= Hippo (philosopher) =

Pre-Socratic Greek philosopher

Hippo (/ˈhɪpoʊ/; Ἵππων, Hippon; fl. 5th century BC) was a pre-Socratic Greek philosopher. He is variously described as coming from Rhegium, Metapontum, Samos, and Croton, and it is possible that there was more than one philosopher with this name.

Although he was a natural philosopher, Aristotle refused to place him among the other great pre-Socratic philosophers "because of the paltriness of his thought".

==Beliefs==
At some point Hippo was accused of atheism, but since his works have perished, we cannot be certain why. He was accused of impiety by the comic poet Cratinus in his Panoptae, and, according to Clement of Alexandria, Hippo supposedly ordered the following couplet to be inscribed on his tomb:

Behold the tomb of Hippo, whom in death

Fate made an equal of the immortal gods.

The classical philologist Michael Hendry has suggested an alternative translation of the epitaph that underscores the argument for Hippo's atheism:

This is the tomb of Hippo,
Whom Fate made just as dead as the immortal gods.

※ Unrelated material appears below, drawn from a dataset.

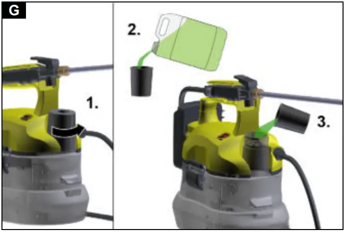 - Risk of injury. Pay attention to any danger from the fluid being sprayed and consult the markings on the container or the information supplied by the manufacturer.
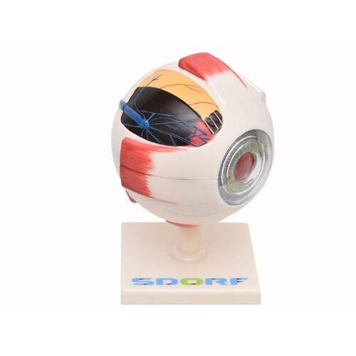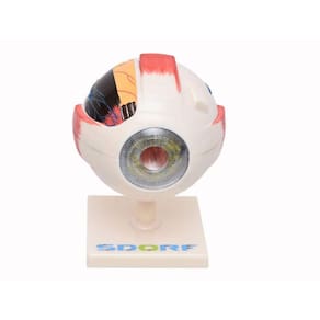 O modelo anatômico de olho ampliado em aproximadamente 10 vezes e dividido em 7 partes, e confeccionado em PVC e acrílico; O modelo SD-5043 apresenta as seguintes estruturas entre outras: Corpo Ciliar; Zônula Ciliar; Íris; Pupila; Pólo Anterior; Pólo Posterior; Câmara Anterior; Câmara Posterior; Córnea; Borda Serreada; Lente; Retina; Coroide; Esclera; Nervo Ótico; Corpo Vítreo; Músculo Elevador Da Pálpebra Superior; Músculo Reto Medial; Músculo Reto Lateral; Músculo Reto Inferior;- Montado sob base plástica; Acompanha: 01 Base plástica 01 Haste 01 Manual em português, 01 Termo de garantia. embalagem: Caixa de papelão. informação adicionalPeso 0.210 kg Dimensões 12 x 17 x 8 cm

According to Hippolytus, Hippo held water and fire to be the primary elements, with fire originating from water, and then developing itself by generating the universe. Simplicius, too, says that Hippo thought that water was the principle of all things. Most of the accounts of his philosophy suggest that he was interested in biological matters. He thought that there is an appropriate level of moisture in all living things, and disease is caused when the moisture is out of balance. He also viewed the soul as arising from both mind and water. A medieval scholium on Aristophanes' The Clouds attributes to Hippo the view that the heavens were like the dome (πνιγεύς) of an oven covering the Earth.